II. Claim Preclusion
Pittman argues that the master-in-equity erred in finding that the arbitration award barred Pittman from bringing the same claims against Stuart that Pittman had previously asserted against Legends. We disagree.
Pittman misconstrues the language in the master-in-equity’s ruling. In his ruling, the master found the following: “[s]ince Legends in Concert, Inc. committed no wrongs, the Plaintiff is barred from asserting any such claims against the Defendant Stuart.” Pittman argues that this language effectively barred Pittman from pursuing his claims against Stuart as an individual. This is incorrect. The master simply reiterated what the law has been throughout this litigation: claims raised against Legends were confined to and disposed of through arbitration; therefore, Pittman was not permitted to turn around and raise those very same claims against Stuart as an individual. In other words, any claims Pittman has against Stuart must specifically address wrongs committed by Stuart, not Legends.

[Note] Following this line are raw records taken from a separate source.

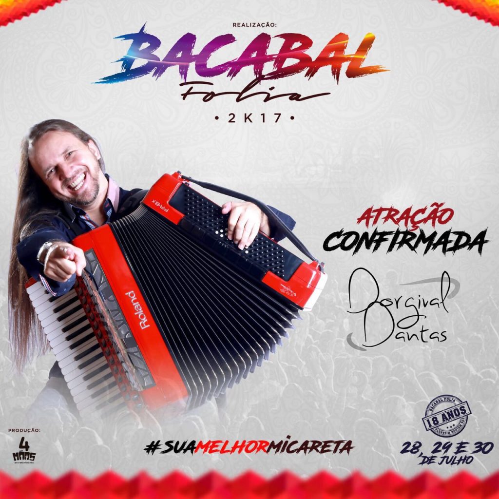 A diversidade de estilos musicais com toque baiano reunirá em três noites, grandes nomes da música brasileira no Bacabal Folia 2017 que acontece na cidade de Bacabal (cidade a 249 quilômetros de São Luís). São eles: Rafa e Pipo Marques, Bell Marques, Léo Santana, Durval Lélys, Jonas Esticado, Dorgival Dantas, Patckanka e a maior dupla do país Jorge e Mateus., compõem uma programação especial da micareta que é hoje, considerada a maior e melhor do nordeste nos dias 28,29 e 30 de julho. Os trios que estarão presentes são os mesmos utilizados no carnaval de Salvador. As vendas estão permitidas a partir do dia 01 de abril, veja abaixo as atracões confirmadas: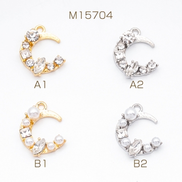 ガラスチャーム 三日月 キラキラ パール・ストーン付き 宇宙チャーム メタルチャーム 約13×18mm(2ヶ)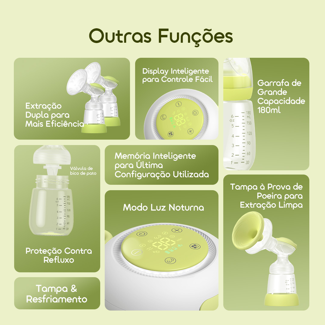 A avançada tecnologia de microvibração do DuoPump ajuda a aliviar o desconforto ao afrouxar suavemente os ductos de leite bloqueados, permitindo um fluxo de leite mais suave.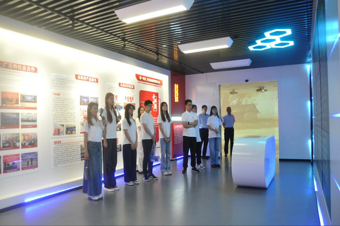 在参观中,生动的历史再现成为焦点,在上世纪金融服务场景复原区内,老式柜台、算盘、储蓄标语瞬间将实践团成员们带入往昔岁月。驻足体验间,大家切身感受到金融服务从“人工操作”到“智能便捷”的巨大变迁。沿着清晰的发展时间轴深入,从1999年机构组建、2005年深化改革到2016年迈向现代化金融企业的关键跨越,每一节点都烙下党建引领的鲜明印记,展现以沂蒙精神为源的艰苦创业历程。展馆还生动呈现了农商银行深厚的企业文化和丰富的党建成果,彰显着红色基因的蓬勃脉动与“传承与创新共生”的文化内涵。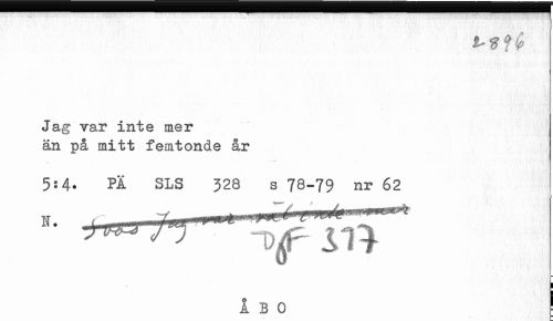 //// 7 .• r "". " -v v. •' " " ... "... " . "...• •. * ' "• ¦ -y---? - ¦-...- - - - • •: * • - - • //// Jag var inte mer än på mitt femtonde år //// * _»¦ //// 5:4. PÄ SLS 328 s 78-79 nr 62 //// I b o j ////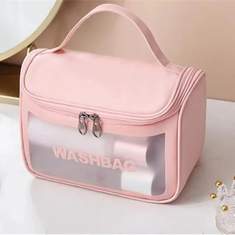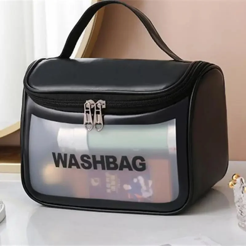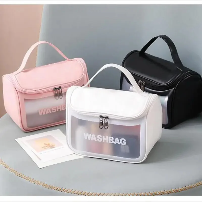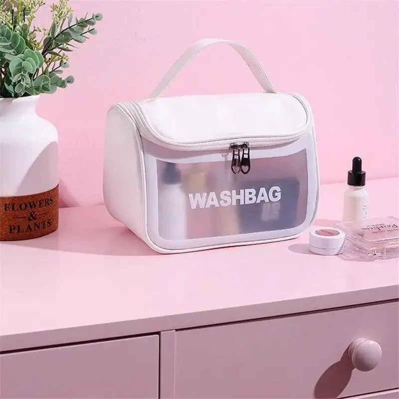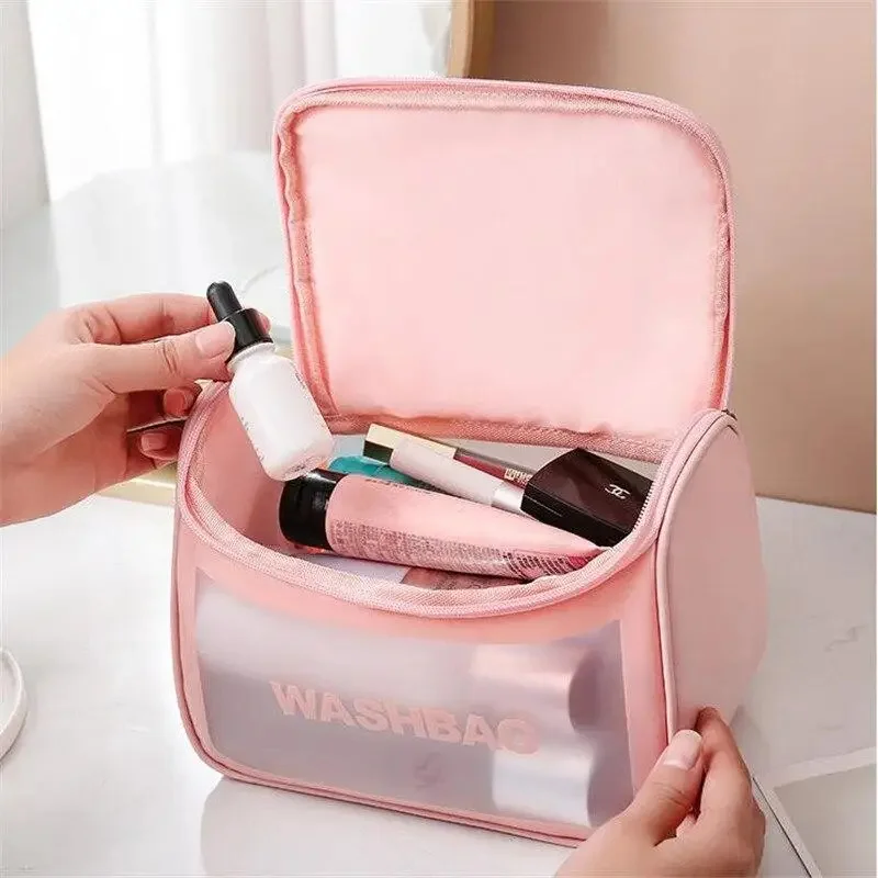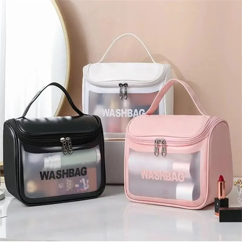 Women Zipper Translucent Scrub Wash Makeup Bag Travel Large Capacity Cosmetic Bags PVC Waterproof Portable Storage Beauty Case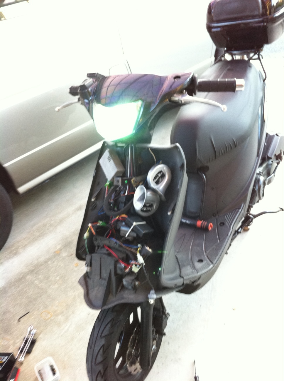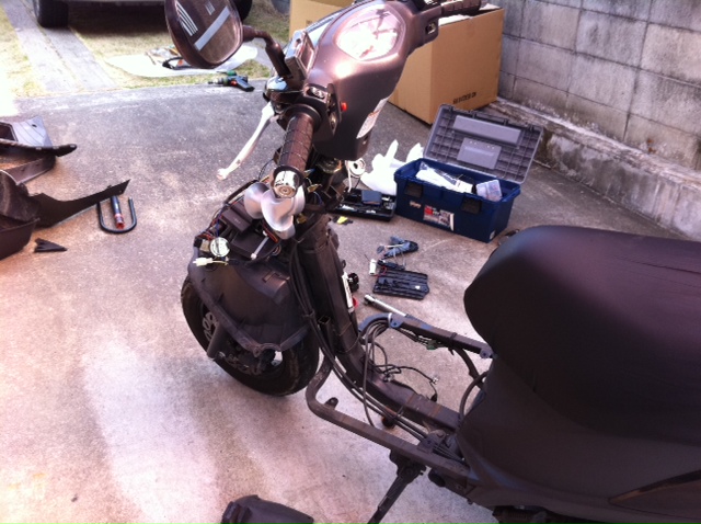 純正のハロゲンは暗く、不満があったのと、これからの季節暗くなるのも早くなるし・・・ってことでHIDキット(SOLAM HID 25W)を買ってあったので、気候的にもちょうどいいということで取り付けることにした。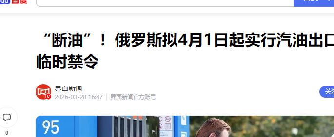 都以为普京要趁着油价飞涨,大捞一笔。 结果他直接把油管子的阀门给拧死了。 2026年4月1日,全球油价彻底炸了,布伦特原油直接冲破112美元一桶。全世界的交易员心都提到了嗓子眼,结果莫斯科突然宣布:从今天起,停止所有汽油出口,一停就是四个月。 要知道,这时候国际油价疯涨,卖方那可是绝对的“大爷”,谁手里有油谁就有话语权。可俄罗斯偏偏反着来,主动关上了出口大门。这事其实就一句话:在能源交易里,能买到油,比能卖多少钱重要多了。 为啥俄罗斯要这么干?说白了,自家的油箱都快保不住了,哪还有多余的油卖?从去年开始,俄罗斯境内好几家炼油厂,就被无人机精准打击,全俄的炼油能力直接少了十分之一。 到了3月下旬,圣彼得堡附近的炼油设施又被炸瘫痪了。更要命的是,受西方制裁影响,炼油厂的核心设备坏了,以前一个月就能修好,现在得拖整整一个季度。再加上国内春耕播种,到处都要用油,刚需摆在这,俄罗斯只能先顾着自己人。 俄罗斯这一停供,邻国直接懵了,瞬间陷入绝境。首当其冲的就是白俄罗斯,他们家超过90%的成品油,全靠俄罗斯供应。禁令一生效,明斯克的街头老百姓半夜就排起长队加油,生怕加不到油。 还有哈萨克斯坦,虽说自己也产原油,但没本事精炼,一半的成品油都得靠俄罗斯补缺口。禁令生效还不到一个月,当地油价直接涨了快80%。这些内陆国家,一旦能源断供,根本没辙,只能被动挨打。 蒙古和吉尔吉斯斯坦也慌了神,赶紧到处找其他供油渠道,急得像热锅上的蚂蚁。这些国家的遭遇,说白了就是能源地理的残酷真相:离俄罗斯越近、越靠内陆,越怕这种供应说断就断。以前嘴上喊的“邻里友好”,到了资源紧缺的时候,根本不管用。 有意思的是,另一边的欧洲,却异常冷静,跟没事人一样。这两年,欧盟早就发力,通过各种法律和基建调整,基本摆脱了对俄罗斯能源的依赖。现在欧洲进口的石油里,俄罗斯的占比还不到3%。 人家有成熟的炼油工业,早就把能源航线转到美国那边了,建成了自己的供应体系。虽说油价波动还是会影响老百姓的日子,但想靠断供拿捏欧洲的经济命脉,根本不可能了。 咱们中国受到的影响也很小。为啥?因为咱们一直坚持自己买原油,回国自己加工,而且咱们的炼油产能,在全世界都是第一。这种硬实力,就保证了国内成品油供应稳如泰山。 就算国际油价闹得再凶,咱们也能满足自己的需求,甚至还能往外出口。这种自己能加工的能力,在极端情况下,就是最靠谱的安全保障。 俄罗斯这四个月的禁令,其实暴露了一个大问题:以前的能源全球化,早就变味了。以前只要有钱,就能买到任何能源,现在不行了,市场变得支离破碎。各国都开始给自己划“安全区”,怕遇到极端情况被卡脖子。 手里有矿产开采权,不代表就能说了算。俄罗斯宁愿少赚点外汇,也要稳住国内的局势,同时也给全世界提了个醒,能源安全,从来都不是靠别人。 俄罗斯一拧紧供油阀门,那些没能力炼油的内陆邻国,才算真正尝到了大国博弈的重量。 现在所有人都在等7月份,看这个禁令到期后,油价和各国的局势会怎么发展。在这场反复的拉扯中,每个国家都在重新盘算自己的能源底牌,毕竟,只有手里有“硬货”,才能在乱世里站稳脚跟。 信息来源:《“断油”!俄罗斯拟4月1日起实行汽油出口临时禁令》,界面新闻。

Therefore, we find no error.
For the foregoing reasons, we affirm the master-in-equity’s order granting summary judgment in favor of Stuart.
MOORE, WALLER, BURNETT and PLEICONES, JJ., concur.
 The show originated in
 Pittman explained that he would raise the money through a Small Corporate Offering Registration (SCOR), which is a type of public stock offering.
 Pittman also signed the agreement as an individual. Stuart signed only on behalf of his corporation, Legends.